# Data section
_ _ _ _ _ _ _
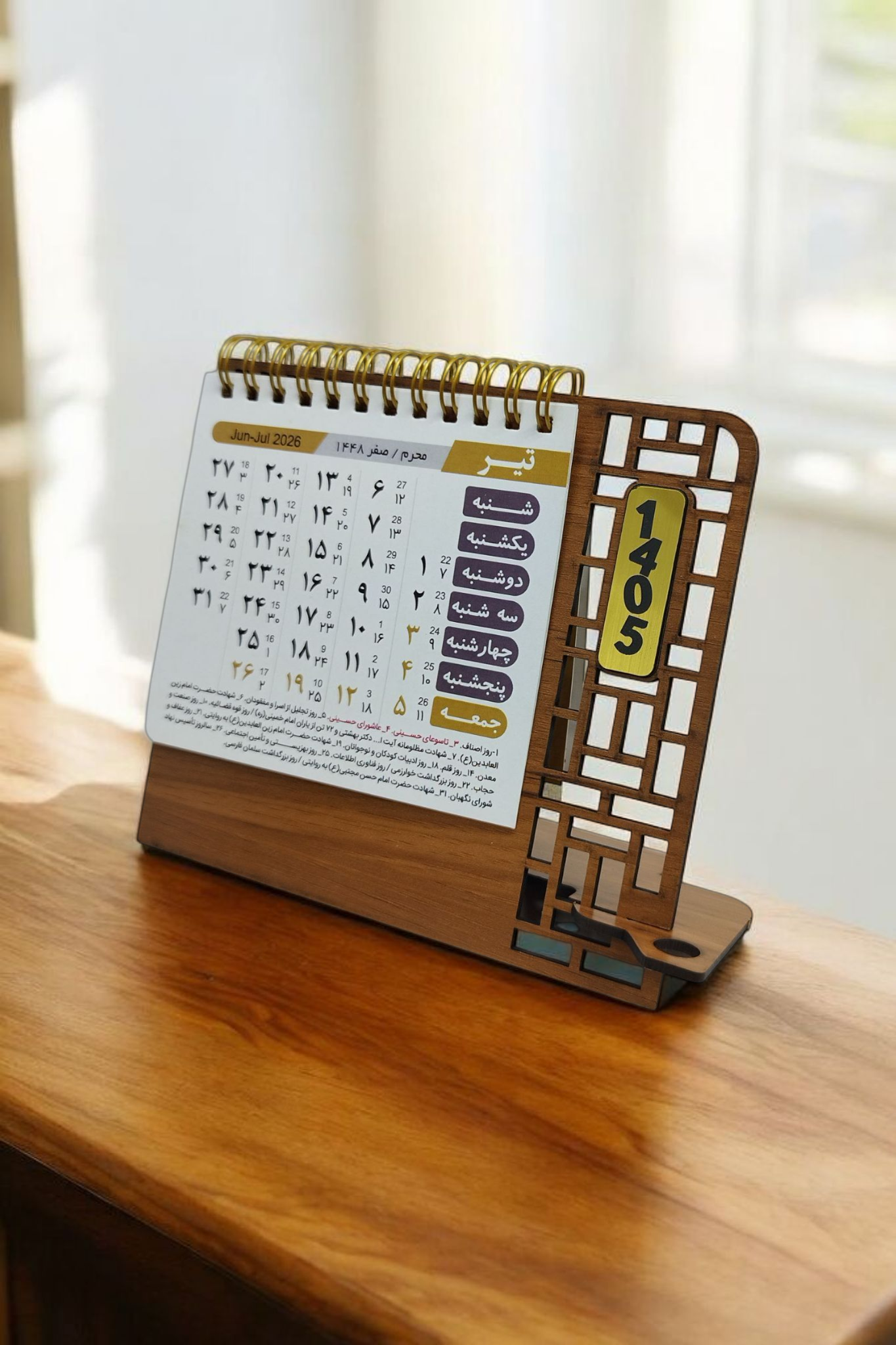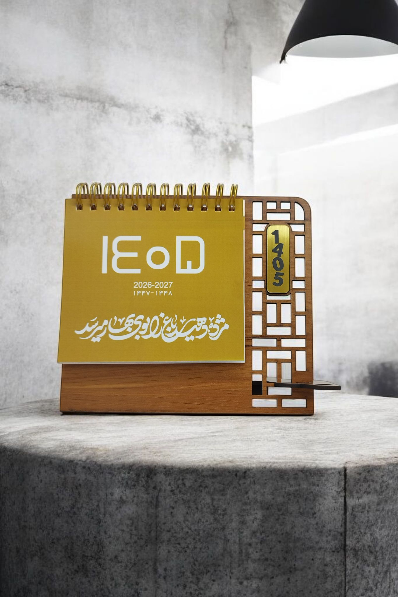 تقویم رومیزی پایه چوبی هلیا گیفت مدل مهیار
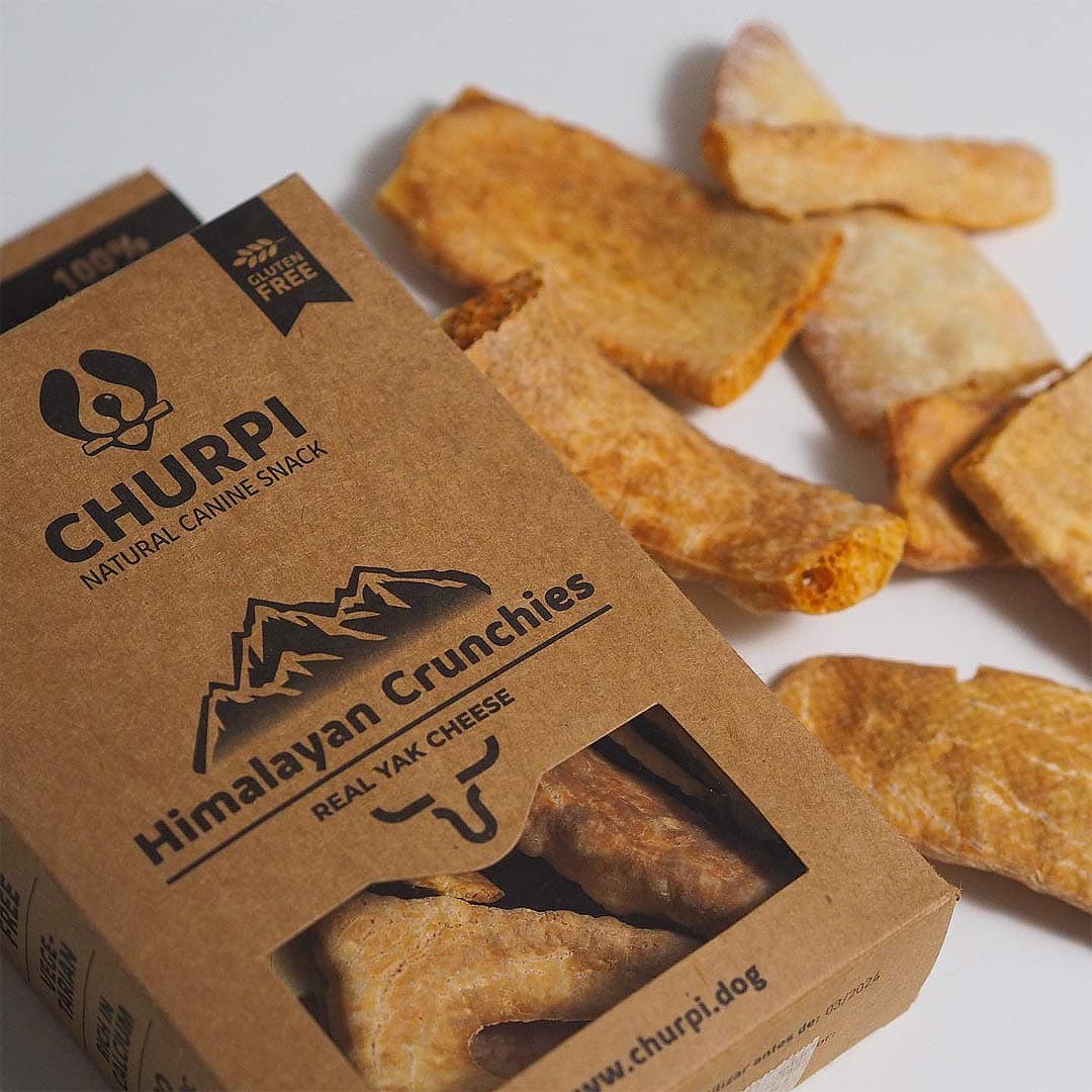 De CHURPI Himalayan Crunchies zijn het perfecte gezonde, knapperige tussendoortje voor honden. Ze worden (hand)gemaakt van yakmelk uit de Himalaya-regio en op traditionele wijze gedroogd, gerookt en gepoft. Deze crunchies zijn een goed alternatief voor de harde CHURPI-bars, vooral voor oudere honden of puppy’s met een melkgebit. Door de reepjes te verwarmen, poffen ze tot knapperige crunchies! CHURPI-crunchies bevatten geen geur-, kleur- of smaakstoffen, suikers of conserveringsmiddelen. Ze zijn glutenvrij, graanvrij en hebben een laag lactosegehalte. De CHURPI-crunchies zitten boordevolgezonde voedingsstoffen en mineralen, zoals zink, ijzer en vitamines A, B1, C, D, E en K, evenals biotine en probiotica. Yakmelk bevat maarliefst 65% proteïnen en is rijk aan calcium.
_ _ _ _ _ _ _
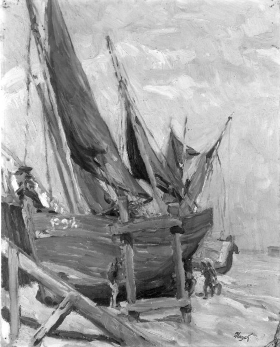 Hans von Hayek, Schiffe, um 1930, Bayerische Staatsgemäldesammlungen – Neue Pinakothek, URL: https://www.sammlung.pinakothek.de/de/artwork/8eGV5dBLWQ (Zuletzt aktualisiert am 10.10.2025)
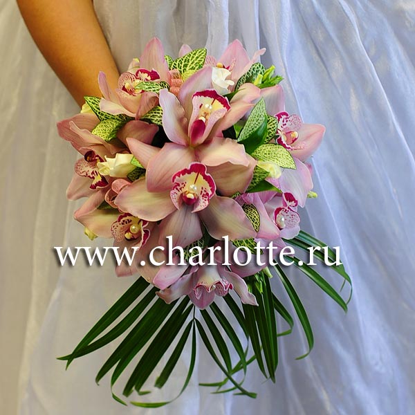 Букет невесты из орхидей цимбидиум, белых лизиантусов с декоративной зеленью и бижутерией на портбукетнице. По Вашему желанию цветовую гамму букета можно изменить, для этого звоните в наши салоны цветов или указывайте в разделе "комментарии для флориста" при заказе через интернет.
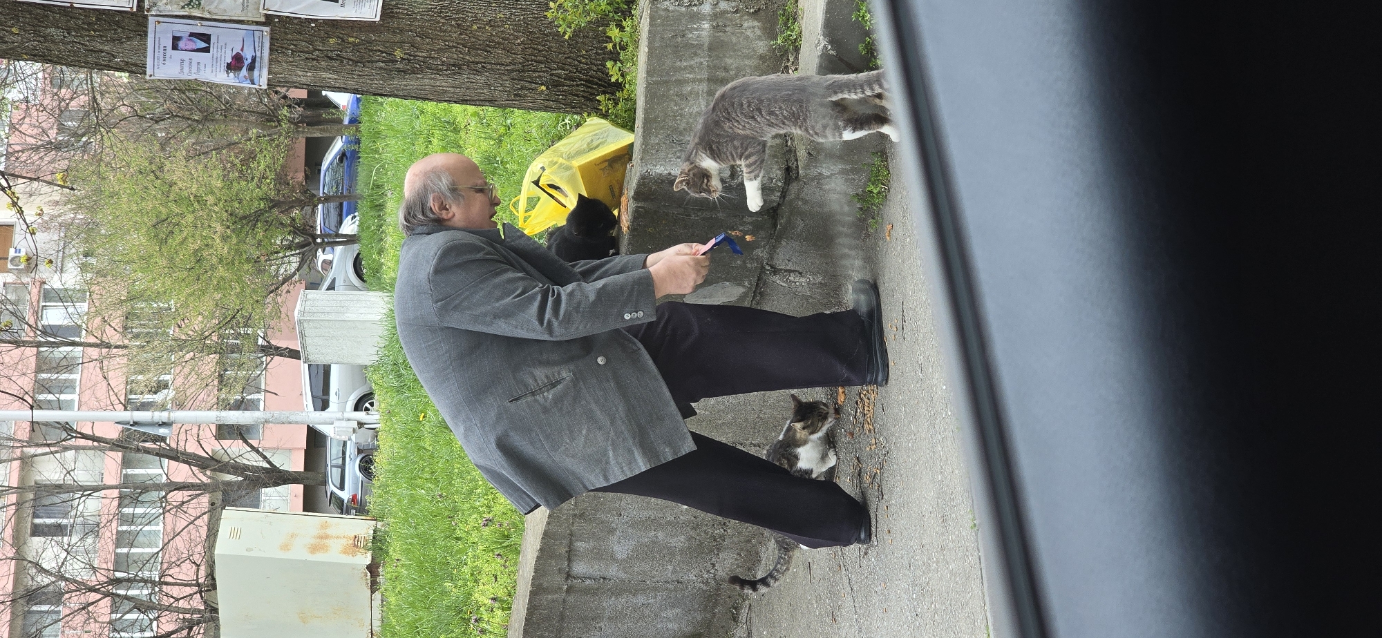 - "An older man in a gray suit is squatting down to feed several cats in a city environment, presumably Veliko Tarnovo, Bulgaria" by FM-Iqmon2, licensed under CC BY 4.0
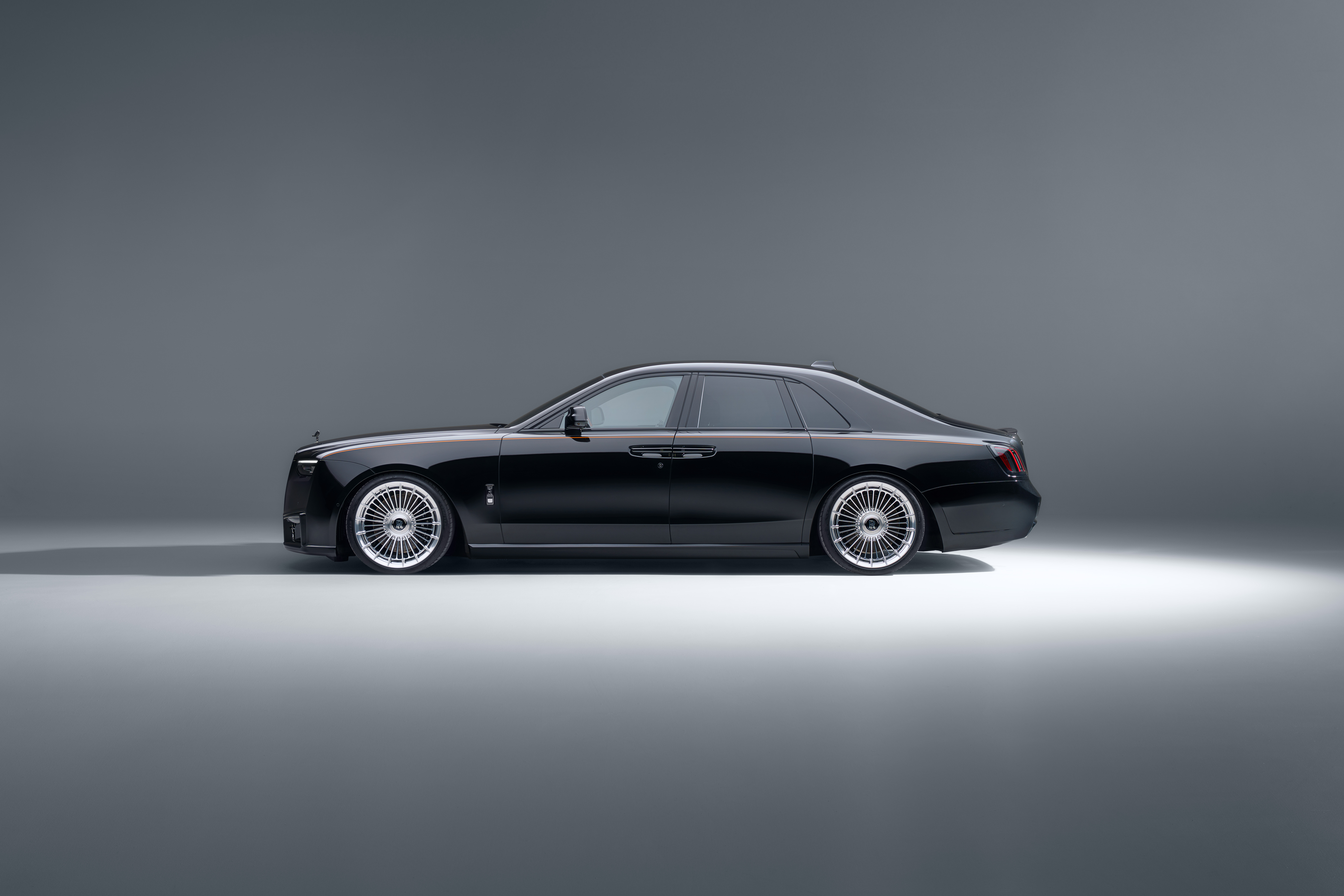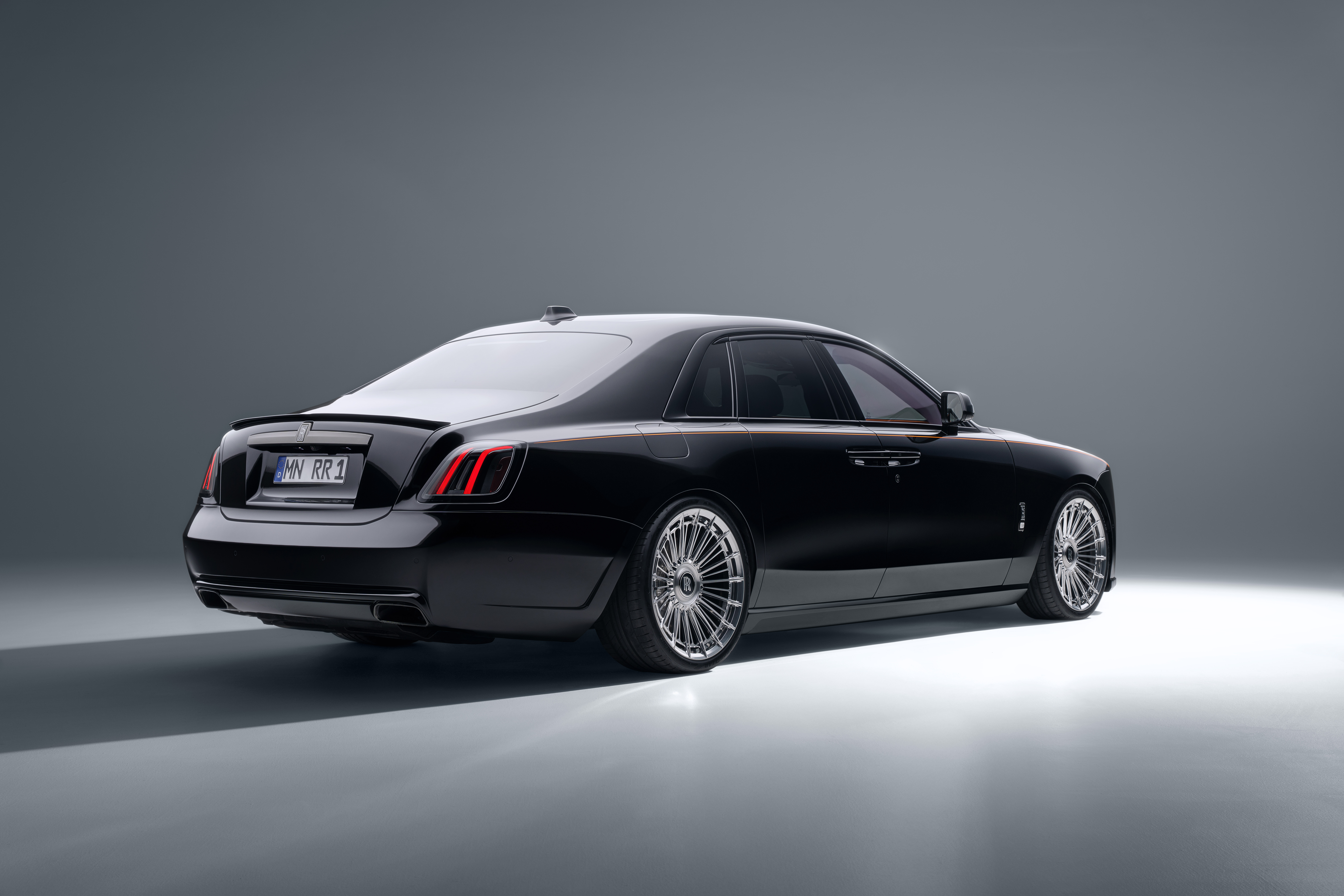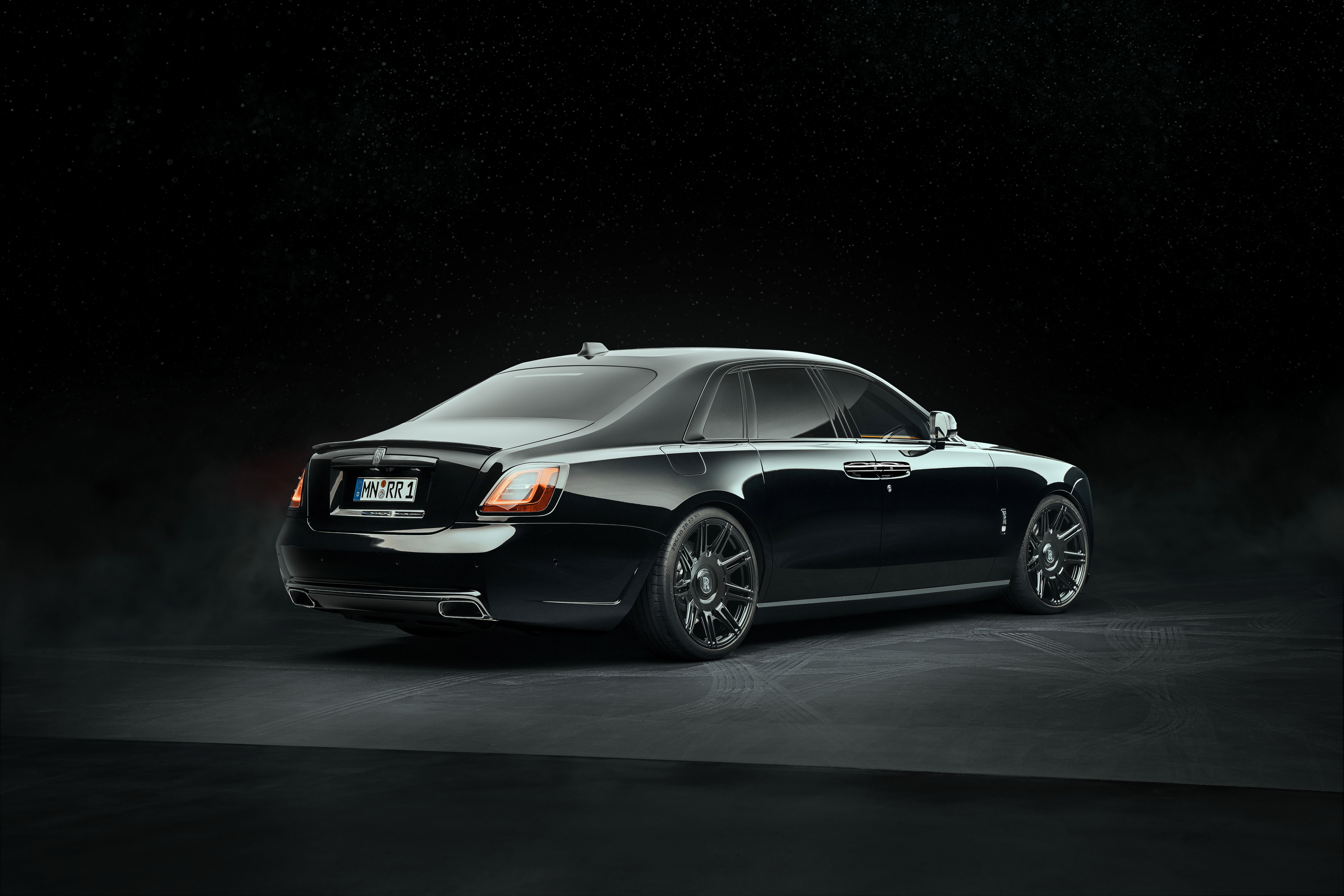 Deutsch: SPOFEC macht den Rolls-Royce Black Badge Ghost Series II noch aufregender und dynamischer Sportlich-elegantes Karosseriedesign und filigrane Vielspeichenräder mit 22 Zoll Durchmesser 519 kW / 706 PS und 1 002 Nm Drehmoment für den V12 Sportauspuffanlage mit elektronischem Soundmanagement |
_ _ _ _ _ _ _
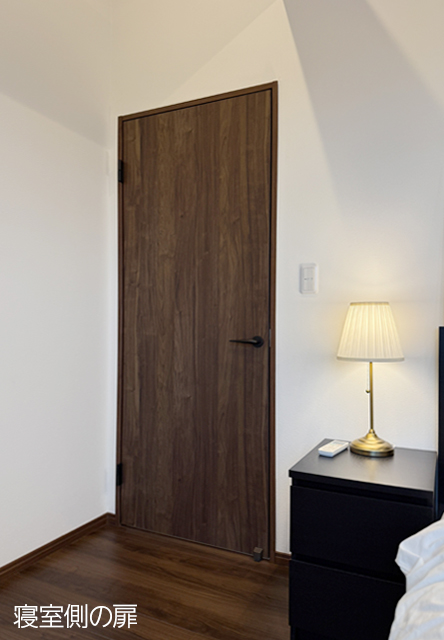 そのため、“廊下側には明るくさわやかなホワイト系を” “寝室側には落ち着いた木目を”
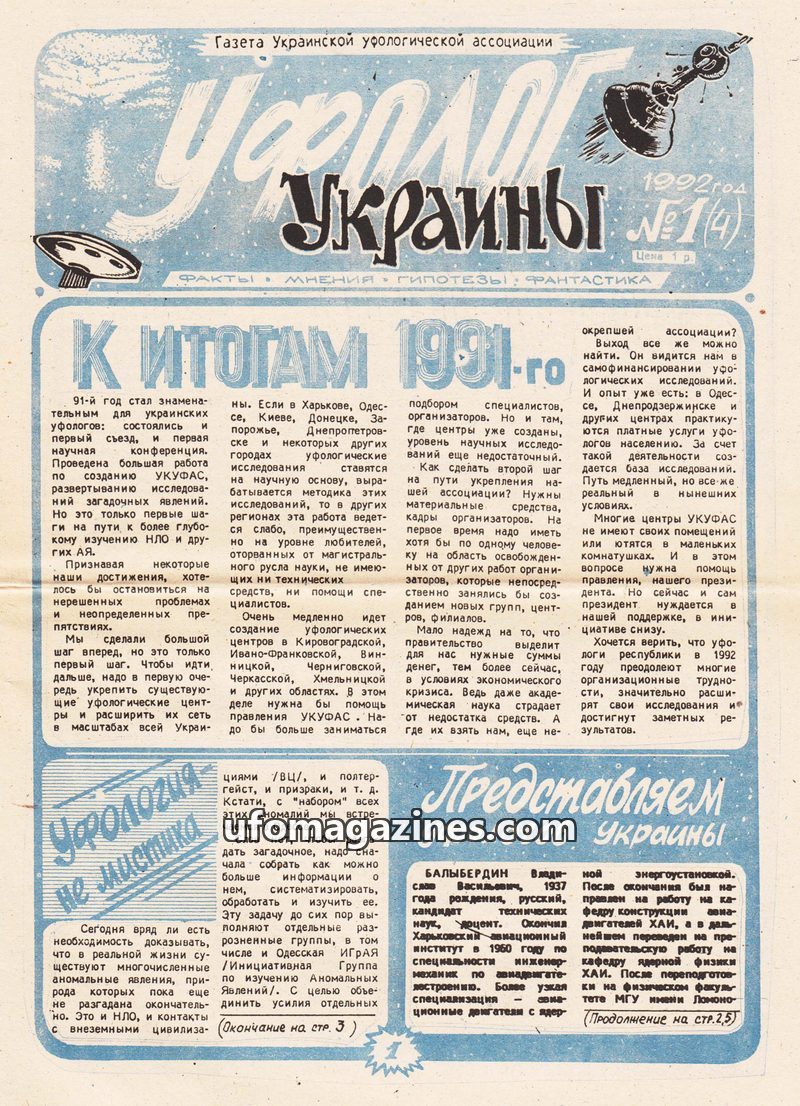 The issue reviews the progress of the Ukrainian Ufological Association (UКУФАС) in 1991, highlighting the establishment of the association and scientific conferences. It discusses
_ _ _ _ _ _ _
# Problem requirements
From the records above, extract the lines from the one holding "under CC BY 4.0" through the one holding "Deutsch: SPOFEC macht", word for word; omit the pictures.

# Output for this exercise
 - "An older man in a gray suit is squatting down to feed several cats in a city environment, presumably Veliko Tarnovo, Bulgaria" by FM-Iqmon2, licensed under CC BY 4.0
 Deutsch: SPOFEC macht den Rolls-Royce Black Badge Ghost Series II noch aufregender und dynamischer Sportlich-elegantes Karosseriedesign und filigrane Vielspeichenräder mit 22 Zoll Durchmesser 519 kW / 706 PS und 1 002 Nm Drehmoment für den V12 Sportauspuffanlage mit elektronischem Soundmanagement |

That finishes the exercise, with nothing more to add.